## What you need to do:
The entire listing that follows must be repeated exactly, pictures excluded.

## Supplied data:
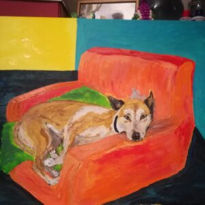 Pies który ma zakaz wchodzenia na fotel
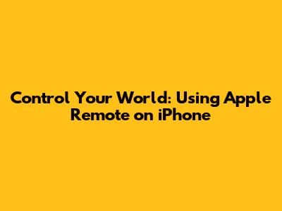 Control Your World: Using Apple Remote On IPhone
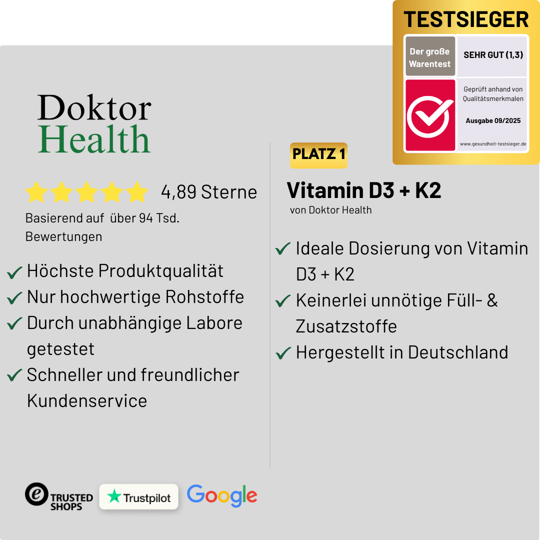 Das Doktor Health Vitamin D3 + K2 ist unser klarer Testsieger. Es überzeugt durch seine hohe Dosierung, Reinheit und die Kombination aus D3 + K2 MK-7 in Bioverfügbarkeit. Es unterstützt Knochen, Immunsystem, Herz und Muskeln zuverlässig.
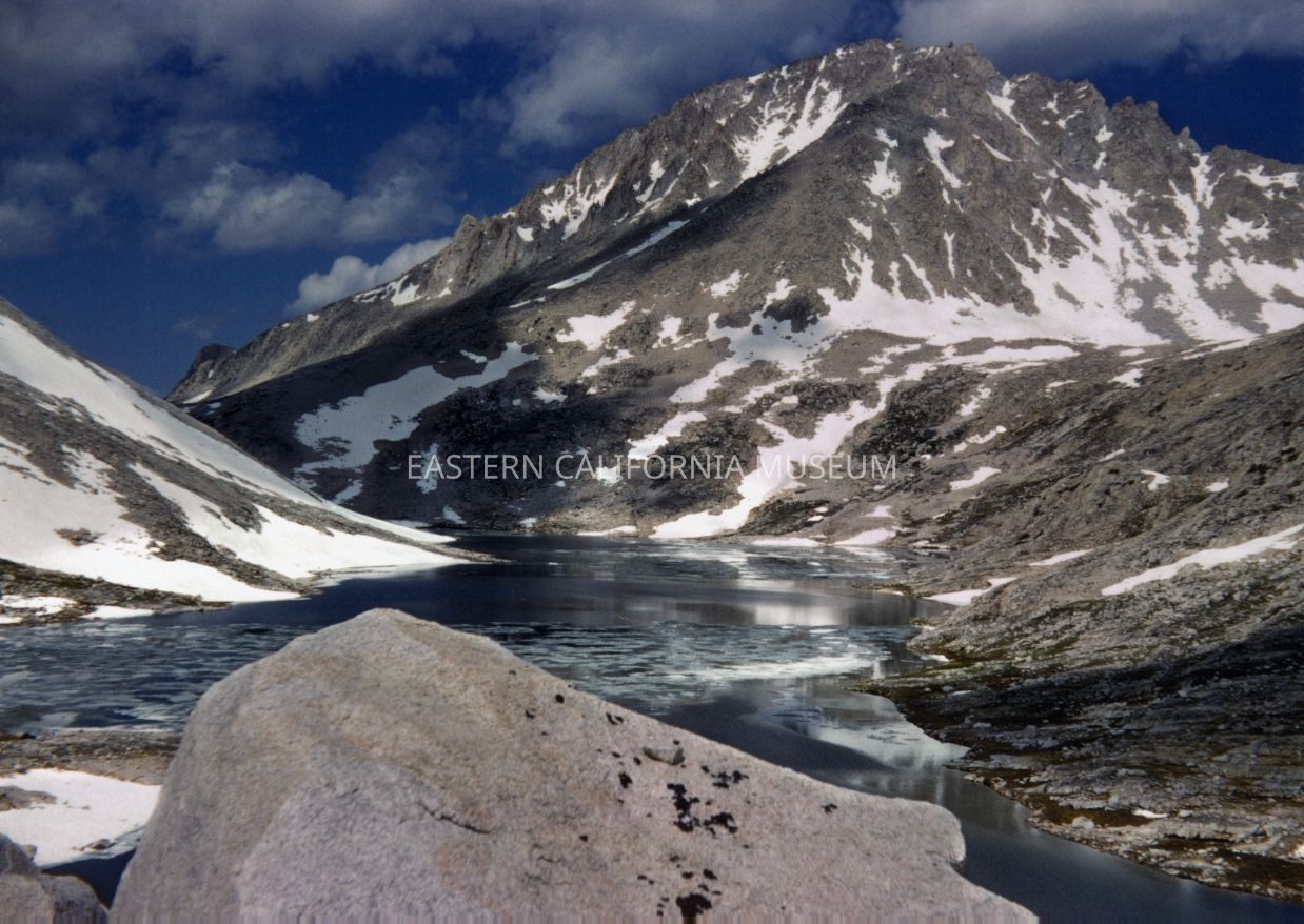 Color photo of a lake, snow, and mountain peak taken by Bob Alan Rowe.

## Output for this exercise:
 Pies który ma zakaz wchodzenia na fotel
 Control Your World: Using Apple Remote On IPhone
 Das Doktor Health Vitamin D3 + K2 ist unser klarer Testsieger. Es überzeugt durch seine hohe Dosierung, Reinheit und die Kombination aus D3 + K2 MK-7 in Bioverfügbarkeit. Es unterstützt Knochen, Immunsystem, Herz und Muskeln zuverlässig.
 Color photo of a lake, snow, and mountain peak taken by Bob Alan Rowe.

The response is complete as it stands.